§ Provided data:
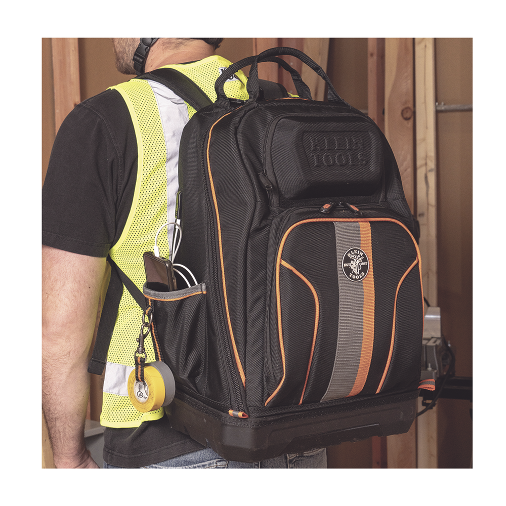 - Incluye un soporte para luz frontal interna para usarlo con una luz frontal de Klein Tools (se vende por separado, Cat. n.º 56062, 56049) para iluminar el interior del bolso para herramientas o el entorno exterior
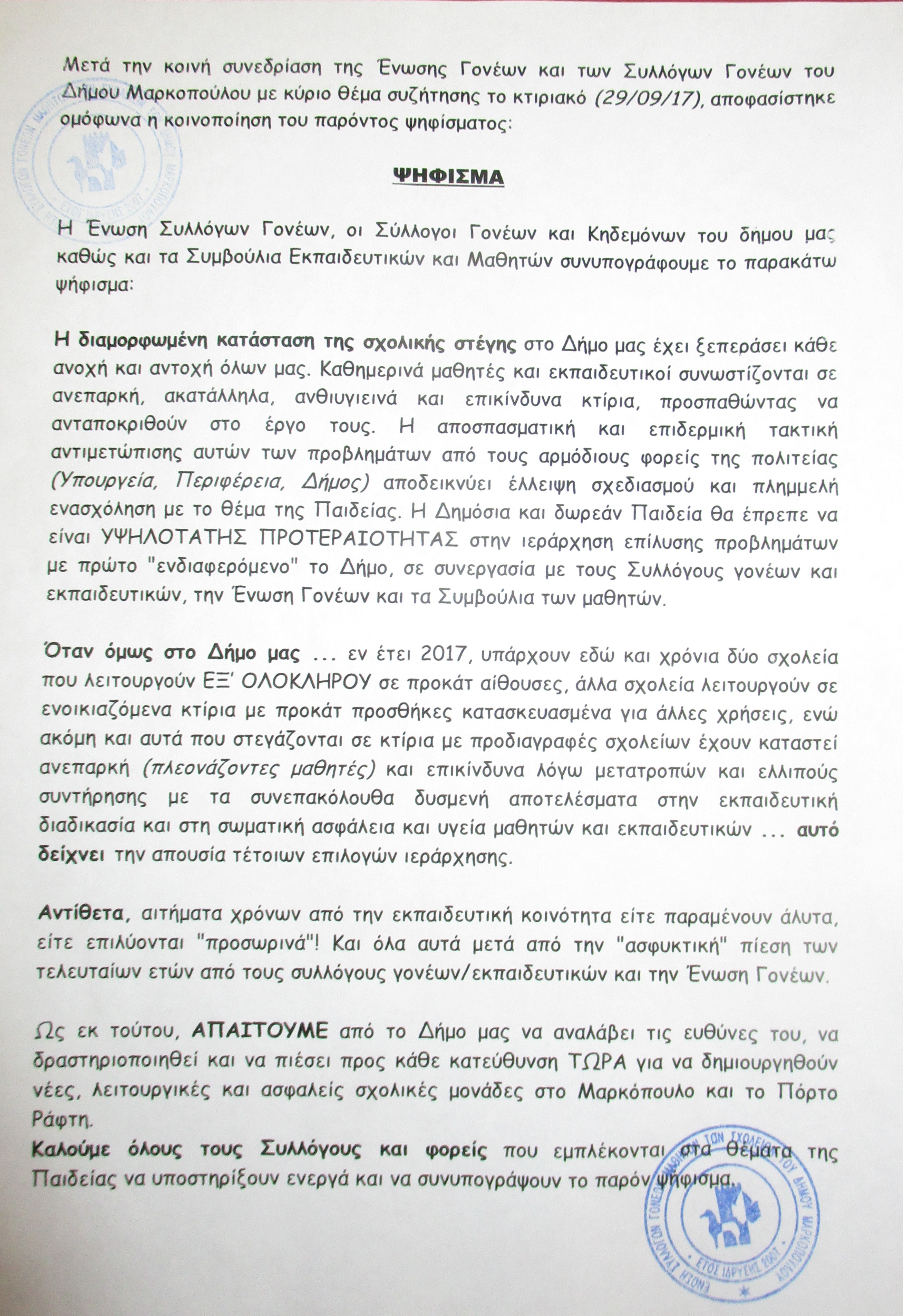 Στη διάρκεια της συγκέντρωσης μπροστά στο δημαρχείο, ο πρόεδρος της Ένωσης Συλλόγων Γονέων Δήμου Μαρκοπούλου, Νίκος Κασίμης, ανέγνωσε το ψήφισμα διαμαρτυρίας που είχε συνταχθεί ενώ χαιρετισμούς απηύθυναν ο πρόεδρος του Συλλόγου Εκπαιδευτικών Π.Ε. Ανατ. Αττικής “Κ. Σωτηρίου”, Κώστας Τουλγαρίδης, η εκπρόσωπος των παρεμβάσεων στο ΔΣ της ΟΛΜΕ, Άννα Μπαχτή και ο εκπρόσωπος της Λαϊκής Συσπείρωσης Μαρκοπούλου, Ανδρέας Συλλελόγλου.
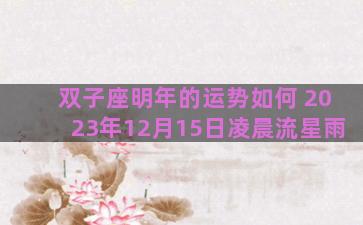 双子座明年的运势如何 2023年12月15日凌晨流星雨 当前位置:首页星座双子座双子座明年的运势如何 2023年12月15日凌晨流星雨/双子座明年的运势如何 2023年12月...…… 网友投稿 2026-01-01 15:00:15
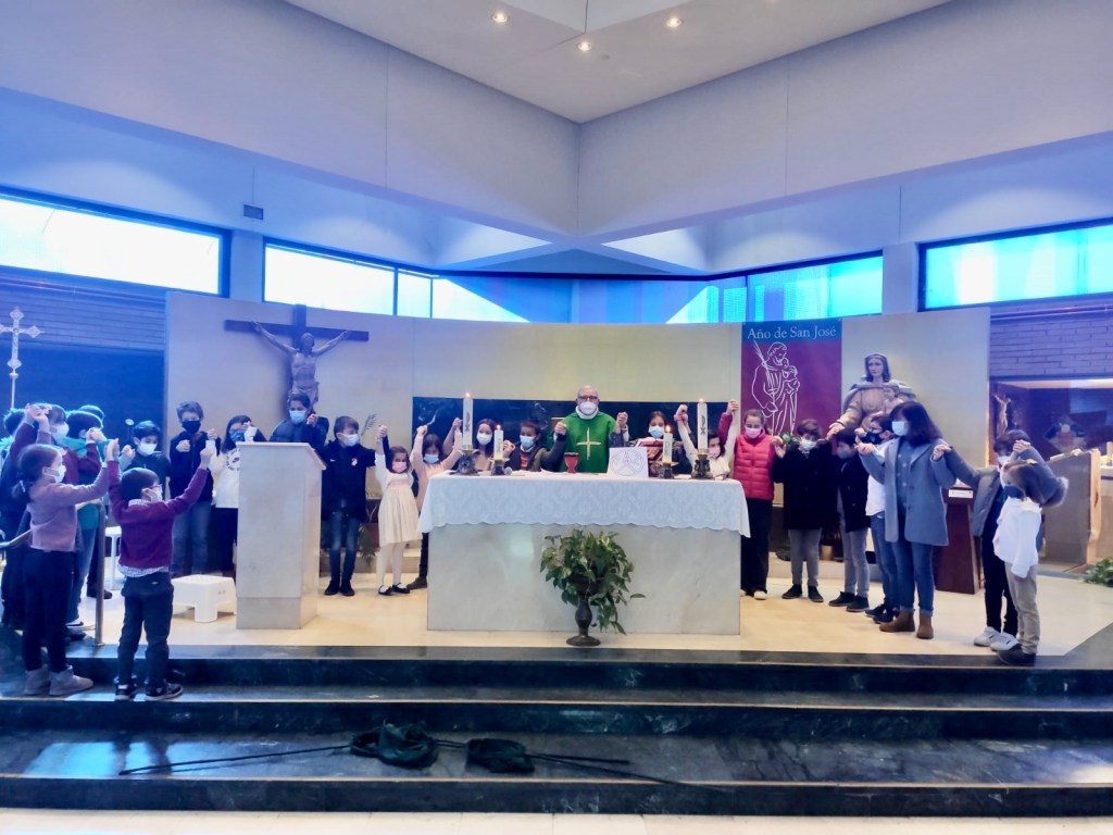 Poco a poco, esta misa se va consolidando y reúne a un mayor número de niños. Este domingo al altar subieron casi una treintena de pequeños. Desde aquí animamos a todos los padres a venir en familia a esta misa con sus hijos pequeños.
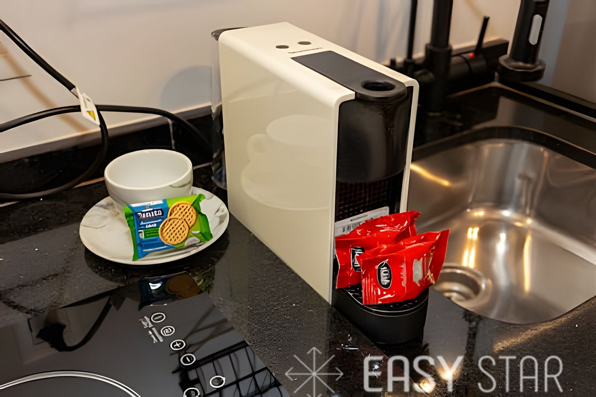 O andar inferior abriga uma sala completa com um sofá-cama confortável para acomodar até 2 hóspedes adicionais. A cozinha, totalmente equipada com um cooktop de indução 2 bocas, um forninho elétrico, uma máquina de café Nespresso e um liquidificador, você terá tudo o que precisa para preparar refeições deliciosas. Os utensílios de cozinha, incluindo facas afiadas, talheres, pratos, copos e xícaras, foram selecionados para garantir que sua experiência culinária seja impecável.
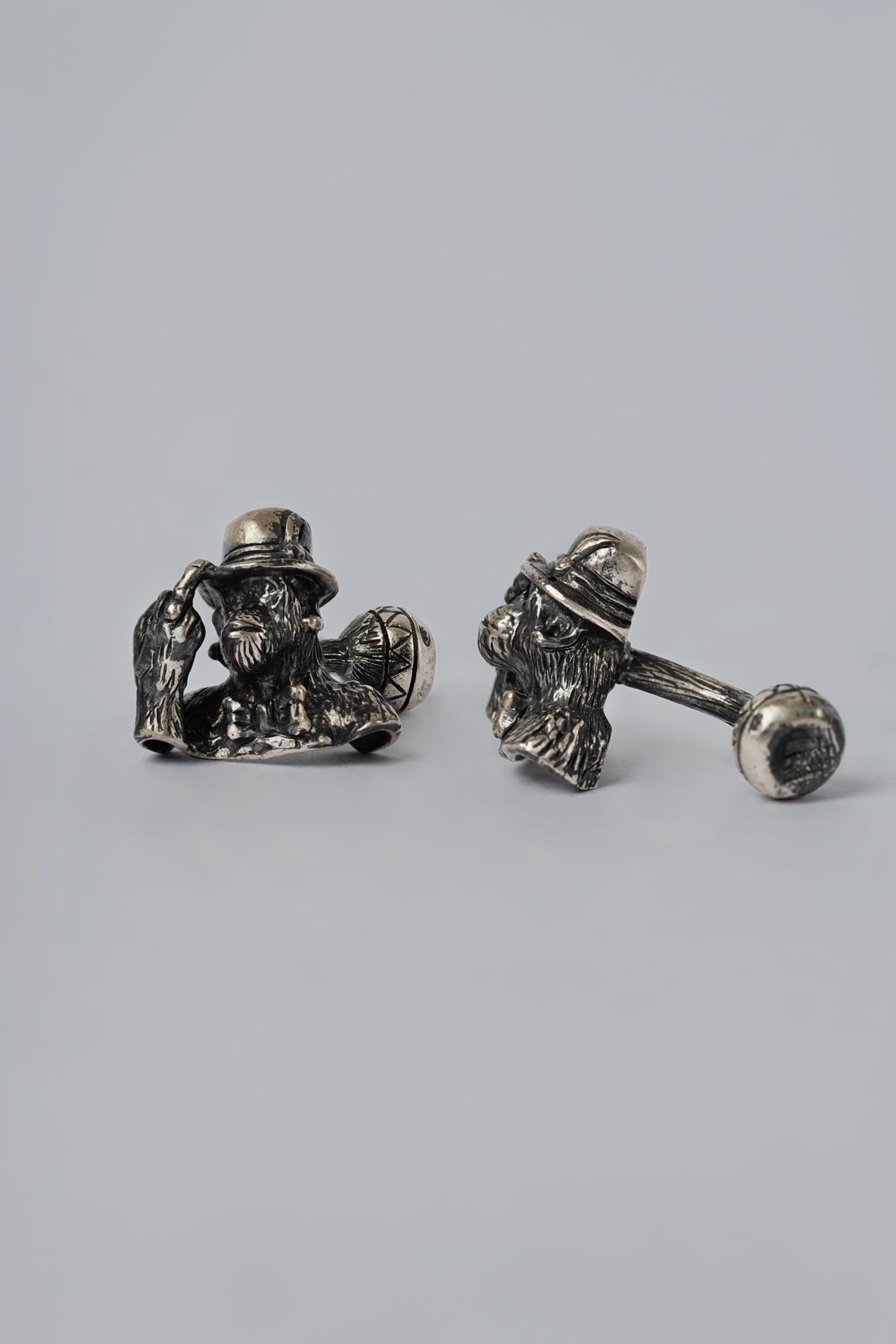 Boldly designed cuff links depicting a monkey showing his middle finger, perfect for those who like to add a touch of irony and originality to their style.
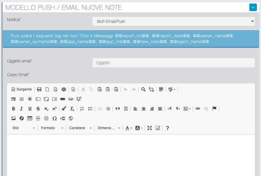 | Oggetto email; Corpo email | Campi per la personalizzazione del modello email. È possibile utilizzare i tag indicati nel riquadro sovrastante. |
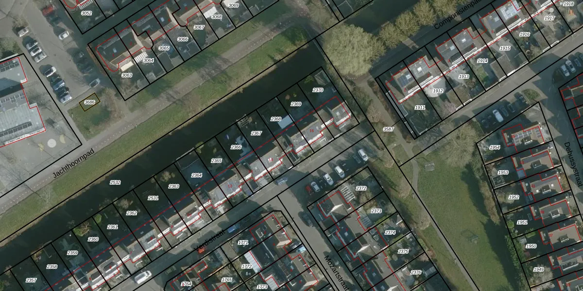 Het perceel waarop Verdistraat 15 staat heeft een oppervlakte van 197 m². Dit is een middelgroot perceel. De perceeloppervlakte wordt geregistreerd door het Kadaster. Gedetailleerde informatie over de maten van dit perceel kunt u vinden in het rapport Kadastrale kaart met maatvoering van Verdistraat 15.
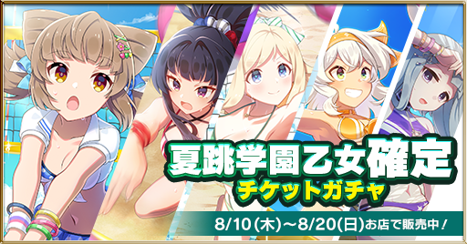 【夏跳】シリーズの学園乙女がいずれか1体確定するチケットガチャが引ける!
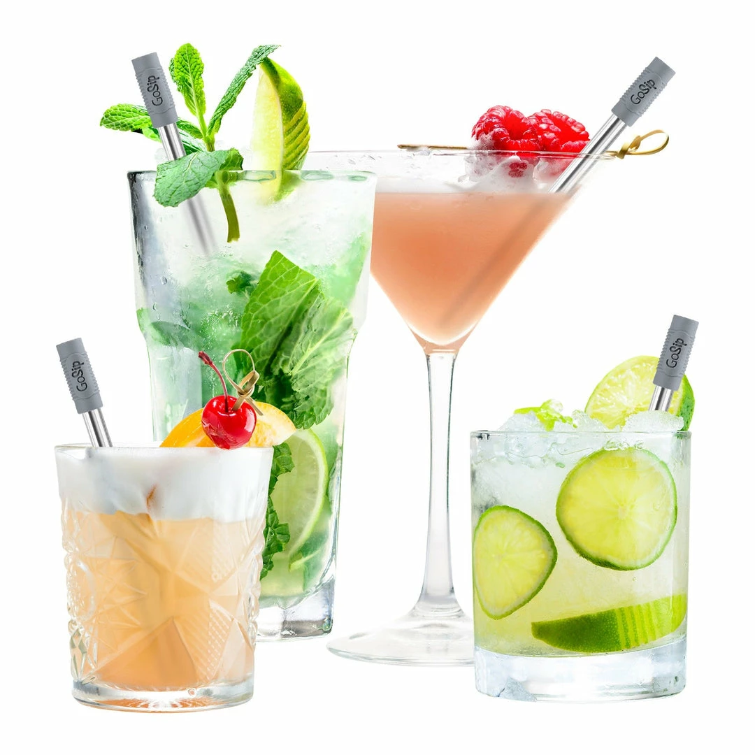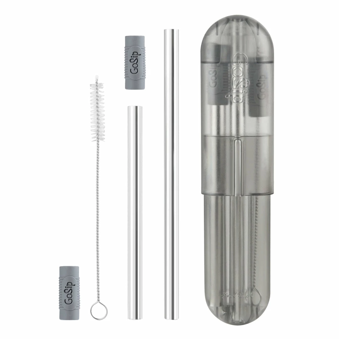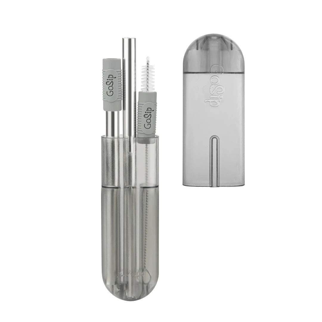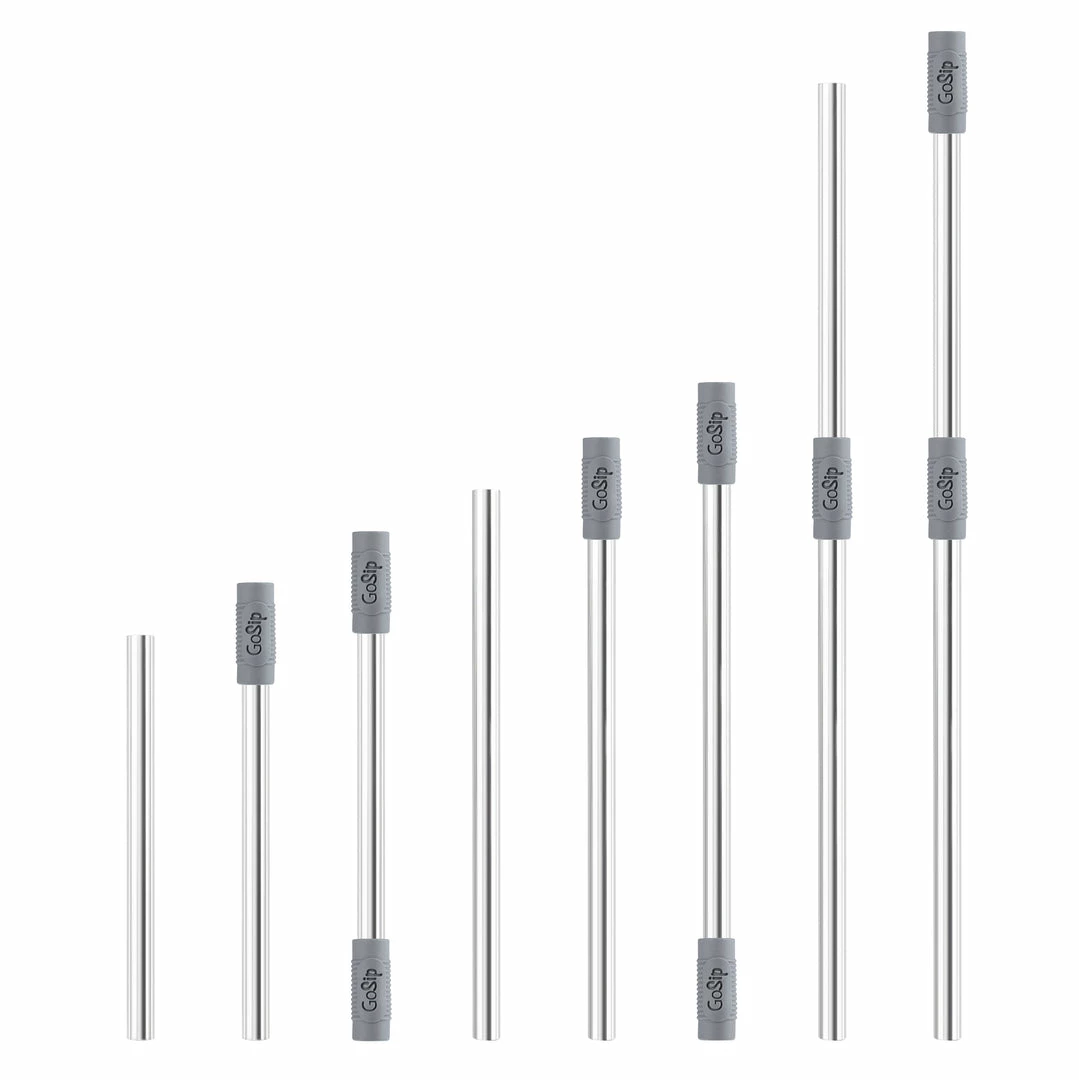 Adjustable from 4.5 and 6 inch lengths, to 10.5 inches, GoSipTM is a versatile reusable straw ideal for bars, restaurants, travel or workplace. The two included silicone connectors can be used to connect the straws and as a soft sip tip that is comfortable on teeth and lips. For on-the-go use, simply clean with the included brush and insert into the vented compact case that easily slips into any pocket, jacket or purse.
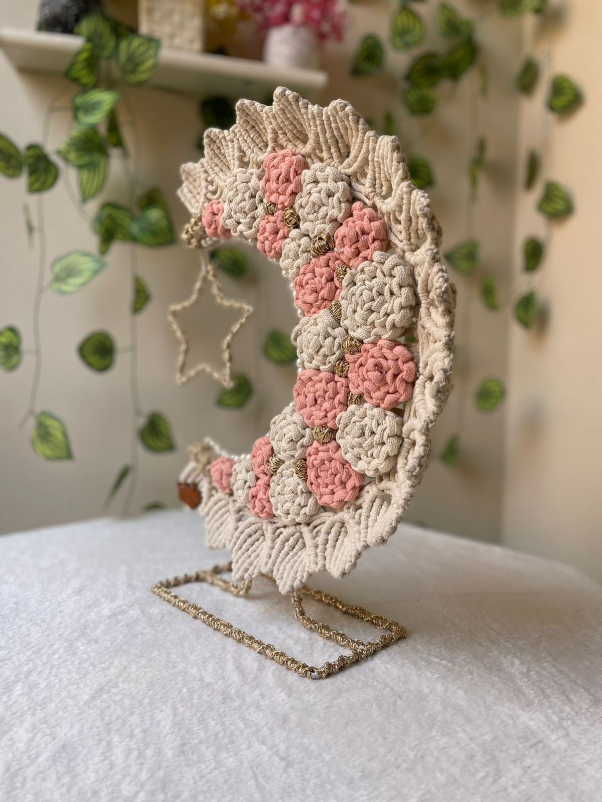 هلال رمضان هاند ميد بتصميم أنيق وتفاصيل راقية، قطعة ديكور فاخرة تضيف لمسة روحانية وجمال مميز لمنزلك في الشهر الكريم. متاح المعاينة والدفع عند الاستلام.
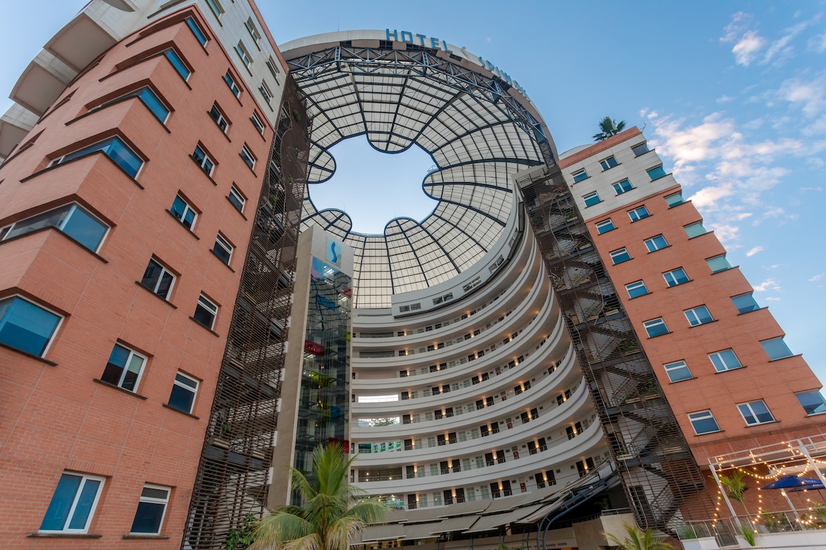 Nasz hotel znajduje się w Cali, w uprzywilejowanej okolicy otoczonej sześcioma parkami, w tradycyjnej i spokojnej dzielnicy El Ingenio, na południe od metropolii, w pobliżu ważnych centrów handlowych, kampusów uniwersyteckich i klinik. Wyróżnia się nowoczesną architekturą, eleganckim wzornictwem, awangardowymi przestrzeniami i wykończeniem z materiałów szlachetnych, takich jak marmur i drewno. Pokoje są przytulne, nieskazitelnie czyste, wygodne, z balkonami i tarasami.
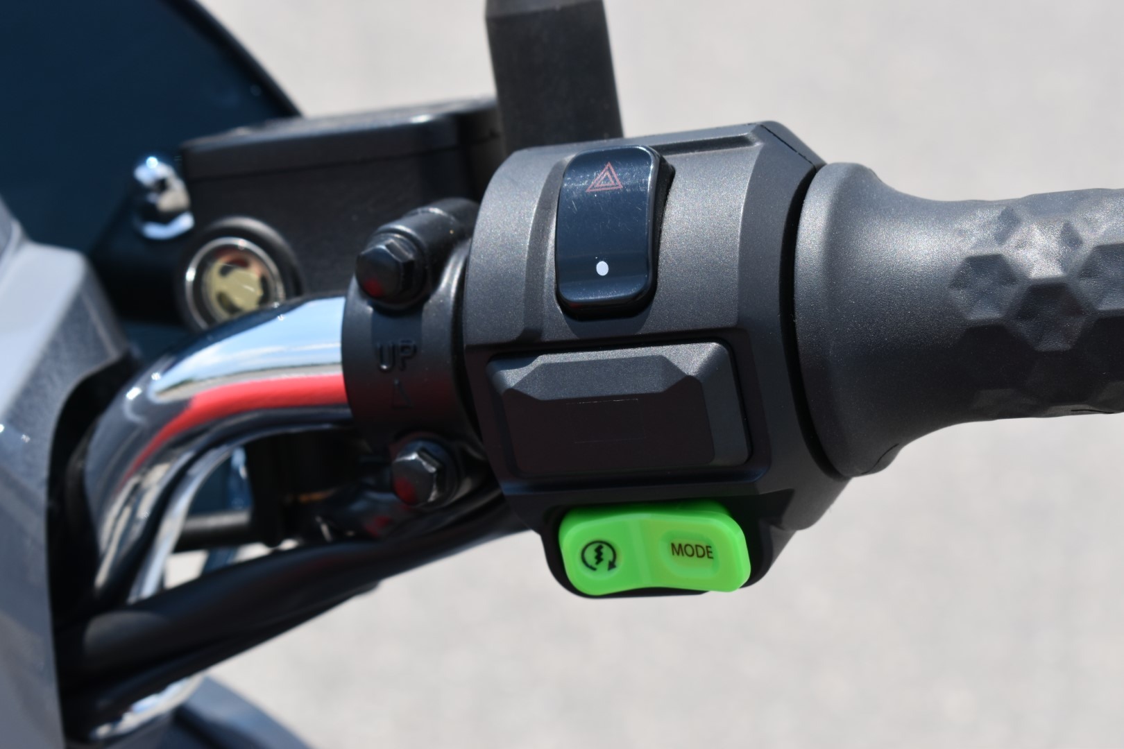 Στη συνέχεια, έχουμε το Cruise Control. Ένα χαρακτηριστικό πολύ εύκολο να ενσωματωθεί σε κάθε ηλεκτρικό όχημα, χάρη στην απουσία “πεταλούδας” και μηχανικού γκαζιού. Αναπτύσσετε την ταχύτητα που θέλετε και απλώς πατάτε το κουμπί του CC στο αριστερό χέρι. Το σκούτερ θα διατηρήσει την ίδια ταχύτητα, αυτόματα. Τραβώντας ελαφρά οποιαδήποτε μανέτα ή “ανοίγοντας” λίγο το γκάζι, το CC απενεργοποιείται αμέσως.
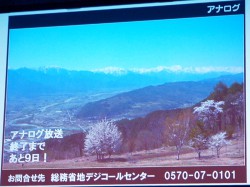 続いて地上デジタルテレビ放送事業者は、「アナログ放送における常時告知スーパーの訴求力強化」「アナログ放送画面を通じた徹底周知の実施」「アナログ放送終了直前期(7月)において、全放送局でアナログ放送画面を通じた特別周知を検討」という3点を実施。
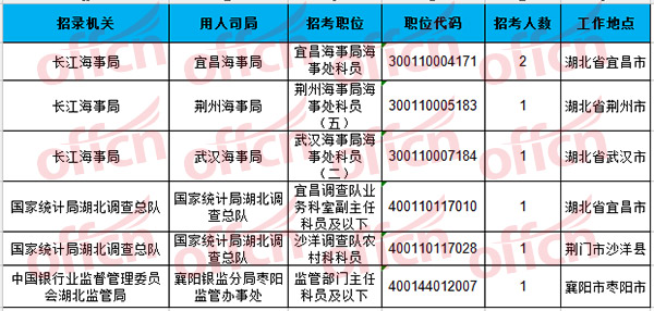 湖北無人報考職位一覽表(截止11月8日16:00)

§ Try it: Starting at the line that contains "Nasz hotel znajduje", reproduce exactly and only the lines through the end of the entries above, with the pictures excluded.

§ Output:
 Nasz hotel znajduje się w Cali, w uprzywilejowanej okolicy otoczonej sześcioma parkami, w tradycyjnej i spokojnej dzielnicy El Ingenio, na południe od metropolii, w pobliżu ważnych centrów handlowych, kampusów uniwersyteckich i klinik. Wyróżnia się nowoczesną architekturą, eleganckim wzornictwem, awangardowymi przestrzeniami i wykończeniem z materiałów szlachetnych, takich jak marmur i drewno. Pokoje są przytulne, nieskazitelnie czyste, wygodne, z balkonami i tarasami.
 Στη συνέχεια, έχουμε το Cruise Control. Ένα χαρακτηριστικό πολύ εύκολο να ενσωματωθεί σε κάθε ηλεκτρικό όχημα, χάρη στην απουσία “πεταλούδας” και μηχανικού γκαζιού. Αναπτύσσετε την ταχύτητα που θέλετε και απλώς πατάτε το κουμπί του CC στο αριστερό χέρι. Το σκούτερ θα διατηρήσει την ίδια ταχύτητα, αυτόματα. Τραβώντας ελαφρά οποιαδήποτε μανέτα ή “ανοίγοντας” λίγο το γκάζι, το CC απενεργοποιείται αμέσως.
 続いて地上デジタルテレビ放送事業者は、「アナログ放送における常時告知スーパーの訴求力強化」「アナログ放送画面を通じた徹底周知の実施」「アナログ放送終了直前期(7月)において、全放送局でアナログ放送画面を通じた特別周知を検討」という3点を実施。
 湖北無人報考職位一覽表(截止11月8日16:00)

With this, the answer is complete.